INFORMATION SHOWN
━━━━
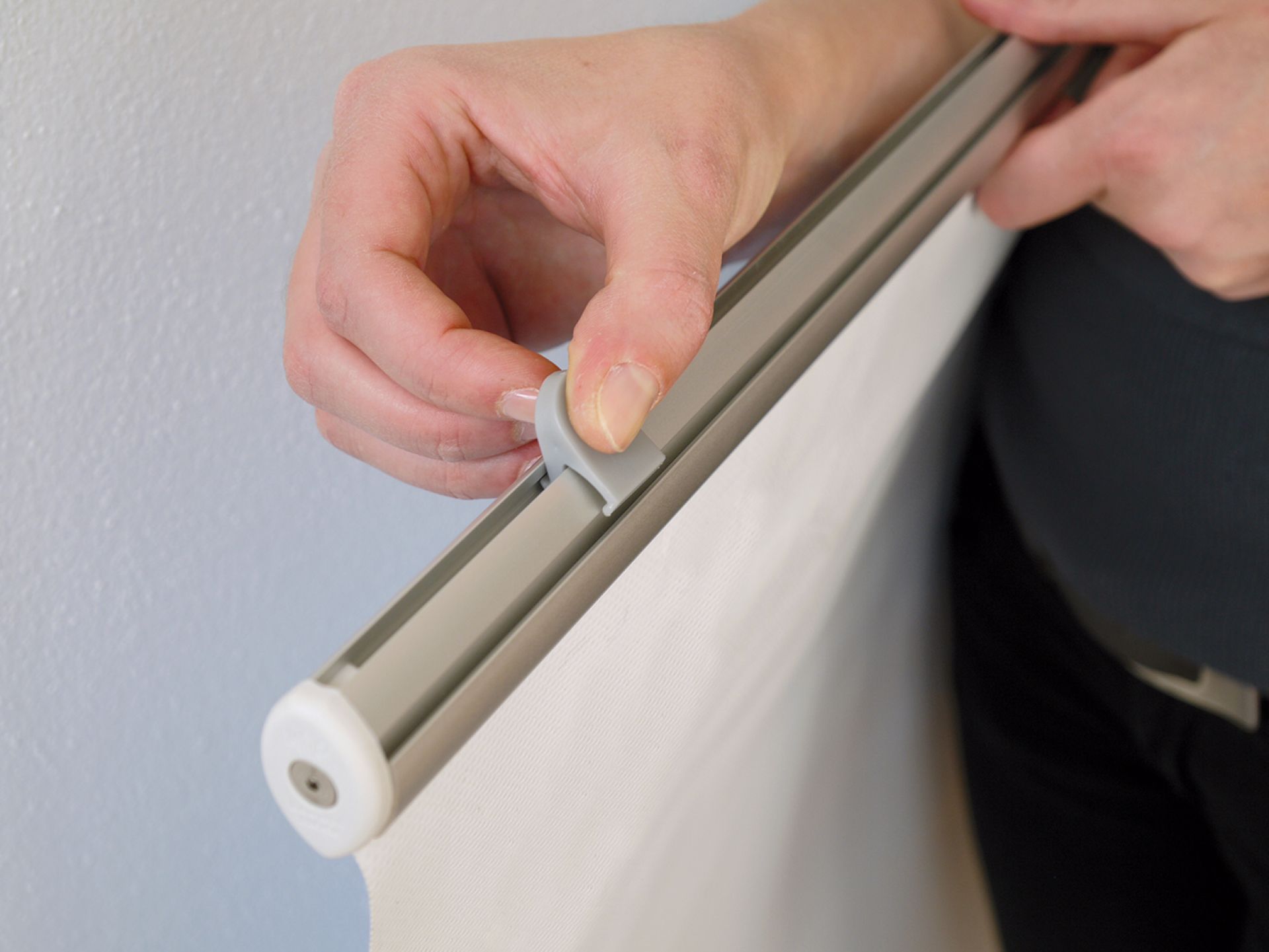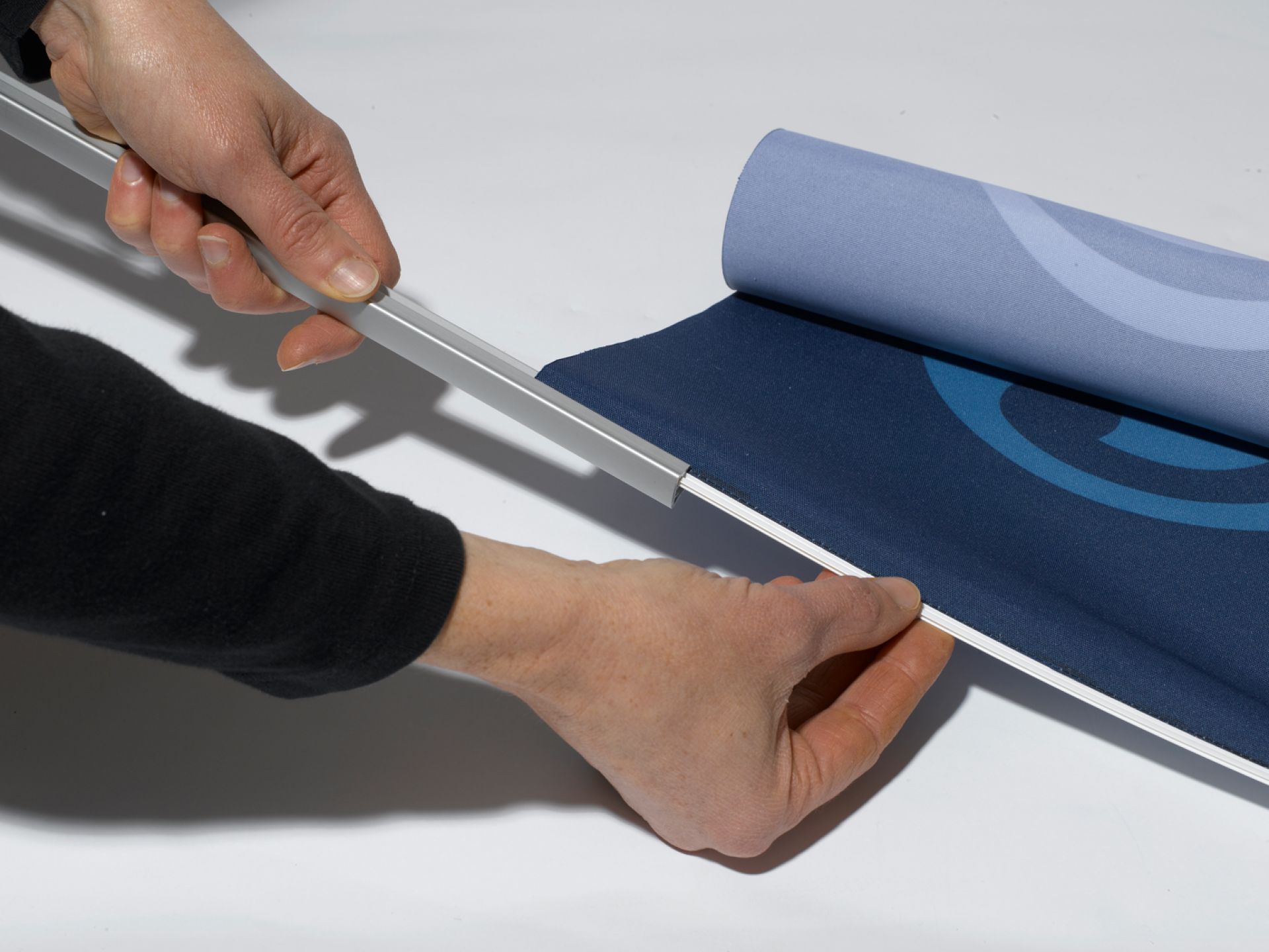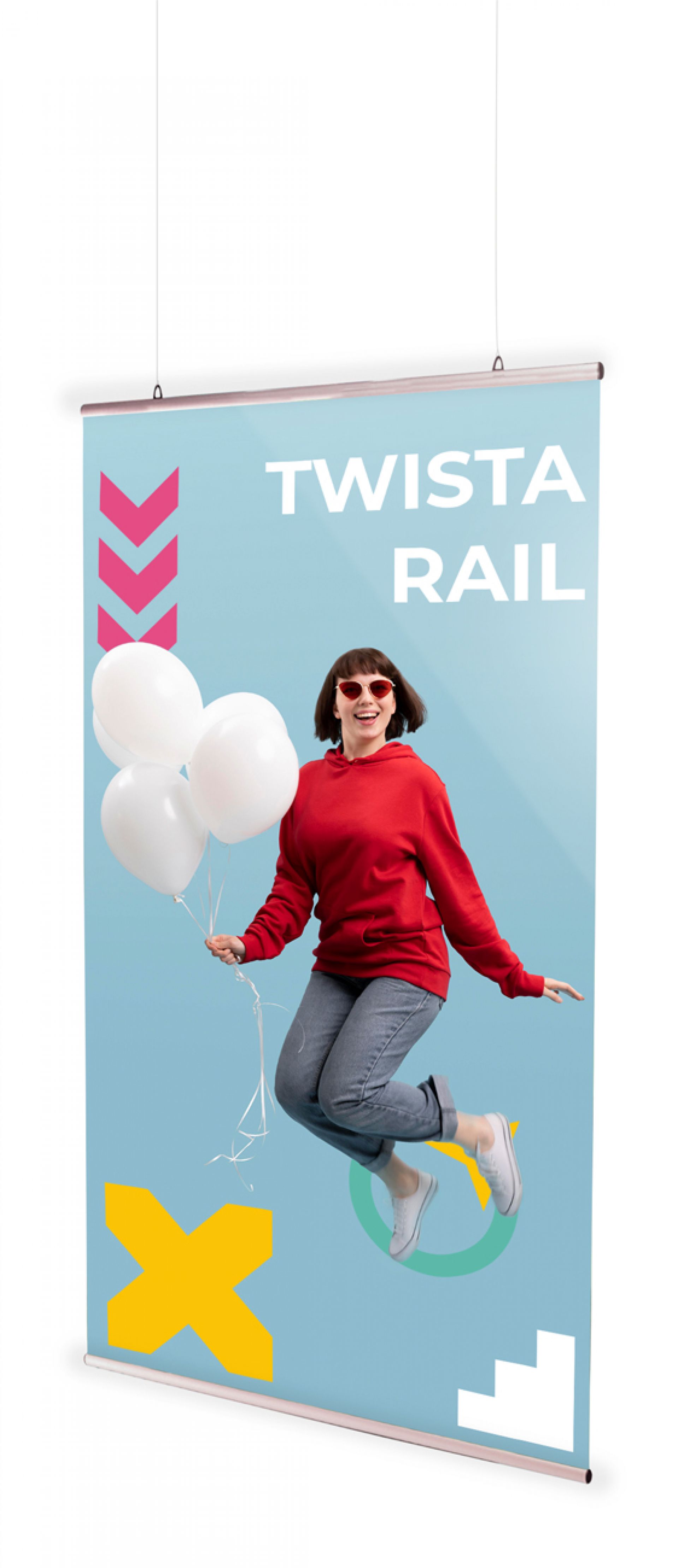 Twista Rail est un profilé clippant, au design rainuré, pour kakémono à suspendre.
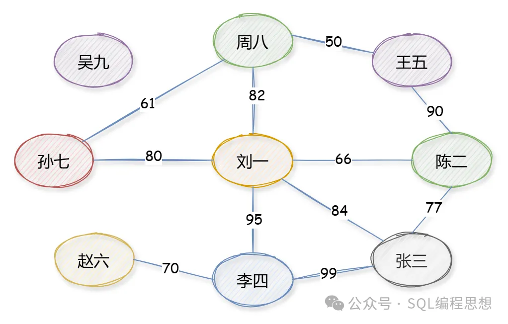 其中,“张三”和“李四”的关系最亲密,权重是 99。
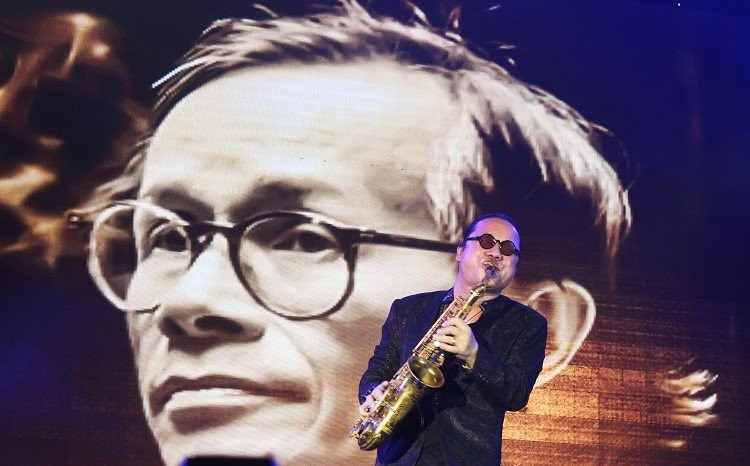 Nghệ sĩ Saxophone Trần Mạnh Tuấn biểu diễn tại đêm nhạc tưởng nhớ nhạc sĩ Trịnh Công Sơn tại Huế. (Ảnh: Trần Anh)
━━━━
EXERCISE DIRECTIONS
Please copy out each line above exactly as written, but not the pictures.

ANSWER BOX
 Twista Rail est un profilé clippant, au design rainuré, pour kakémono à suspendre.
 其中,“张三”和“李四”的关系最亲密,权重是 99。
 Nghệ sĩ Saxophone Trần Mạnh Tuấn biểu diễn tại đêm nhạc tưởng nhớ nhạc sĩ Trịnh Công Sơn tại Huế. (Ảnh: Trần Anh)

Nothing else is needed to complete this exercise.